I've pushed an overload that accepts doubles instead of a QRectF and that 
should fix your problem.

Albert

A Dimarts, 16 de març de 2010, vàreu escriure:
> Hello Albert,
> 
> Thanks for your reply ,How are you ?
> 
> I have one question regarding search of the word , this algorithm is
> O(n^3+K) and if i want to search all hit of one page in that case its
> O(n^4+K)  which making the  application very slow . And also
> every-time its starting from the top and skiping upto the previous hit
> means lot of comparison is waste.
> 
> So If I will try to write one algorithm which will return all the
> searchHit of one page will it be acceptable ?  and also can we improve
> the performance of this search algorithm also ?
> 
> On Tue, Mar 16, 2010 at 5:01 AM, Albert Astals Cid <aacid at kde.org> wrote:
> > A Dilluns, 15 de març de 2010, amit aggarwal va escriure:
> >> Yes it a problem in floating point comparison in findText algorithm .

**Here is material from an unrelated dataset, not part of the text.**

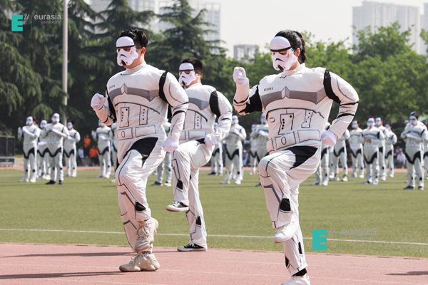 最后为我们带来视觉盛宴的是各个社区和通识教育学院精心准备的大型团体操项目,伴随着欢快的节奏,轻盈的舞步。团体操以其特有的活力与魅力展示了欧亚学子的朝气蓬勃,也淋漓尽致的诠释了学子们的风采。

> >> As per my use cases its coming in
> >> 
> >>       // check: is the line above the top limit?
> >>       if (!startAtTop &&
> >>         (backward ? line->yMin > yStart : line->yMin < yStart)) {
> >>       continue;
> >>       }
> >> line->yMin <yStart but there might be a probability that problem will
> >> come  in other comparison also like
> >> 
> >>     // check: is the block above the top limit?
> >> 
> >>     if (!startAtTop && (backward ? blk->yMin > yStart : blk->yMax <
> >> yStart)) { continue;
> >>     }
> >> 
> >> blk->yMax < yStart  same for bottom limit check also.
> >> 
> >> Please  let me know your comment  for the same
> > 
> > Yeah, there is a ugly double<->float conversion hitting you there, Pino
> > and me are looking for the fix that makes more sense, give us some days.
> > 
> > Albert
> > 
> >> On Mon, Mar 15, 2010 at 3:52 PM, amit aggarwal <amitcs06 at gmail.com> 
wrote:
> >> > Hello Albert,
> >> > 
> >> > I have done analysis and found the problem is in floating point
> >> > comparison..
> >> > 
> >> > yStart :226.279999 line->yMin: 226.280000 this is log where yStart is
> >> > the previous searchHit result  and second new is giving 226.8 Effect
> >> > of this is making
> >> > 
> >> >      if (!startAtTop &&
> >> >          (backward ? line->yMin > yStart : line->yMin < yStart)) {
> >> >        continue;
> >> >      }
> >> > the above code or condition by-pass in findText TextOutputDev.cc so
> >> > that its returning the same co-ordinate every-time.
> >> > 
> >> > Looking forward for your comments
> >> > 
> >> > 
> >> > Pasting some more logs  may be it will clear the more about the
> >> > problem
> >> > 
> >> > Debug: startSearch**
> >> > Debug:
> >> > ***************************searchPageForward***********************
> >> > 
> >> > Debug: "PdfPageWidget:: Load time: 0.023000 s."
> >> > 
> >> >  coming here constructor TextPage to make haveLastFind zero
> >> > startAtLast:0 haveLastFind:0 *xMin: 0.000000,*yMin: 0.000000
> >> > blk->yMax: 82.285000 yStart :0.000000line->yMin: 69.492000blk->yMax:
> >> > 272.800000 yStart :0.000000line->yMin: 226.280000
> >> > Making found true xMin1:391.900000 yMin1:226.280000 blk->yMax:
> >> > 316.570000 yStart :0.000000line->yMin: 290.984000blk->yMax: 334.285000
> >> > yStart :0.000000line->yMin: 321.492000blk->yMax: 359.685000 yStart
> >> > 
> >> > :0.000000line->yMin: 346.892000blk->yMax: 377.685000 yStart
> >> > :0.000000line->yMin: 364.892000blk->yMax: 425.154000 yStart
> >> > :0.000000line->yMin: 409.530000blk->yMax: 542.485000 yStart
> >> > :0.000000line->yMin: 516.892000line->yMin: 529.692000
> >> > 
> >> > lastFindXMin: 391.900000 lastFindYMin: 226.280000 haveLastFind: 1
> >> > *xMin 391.900000 *yMin 226.280000
> >> > Debug: From Top
> >> > Debug: **********TopPage: 1 qrect: QRectF(391.9,226.28 85.88x46.52)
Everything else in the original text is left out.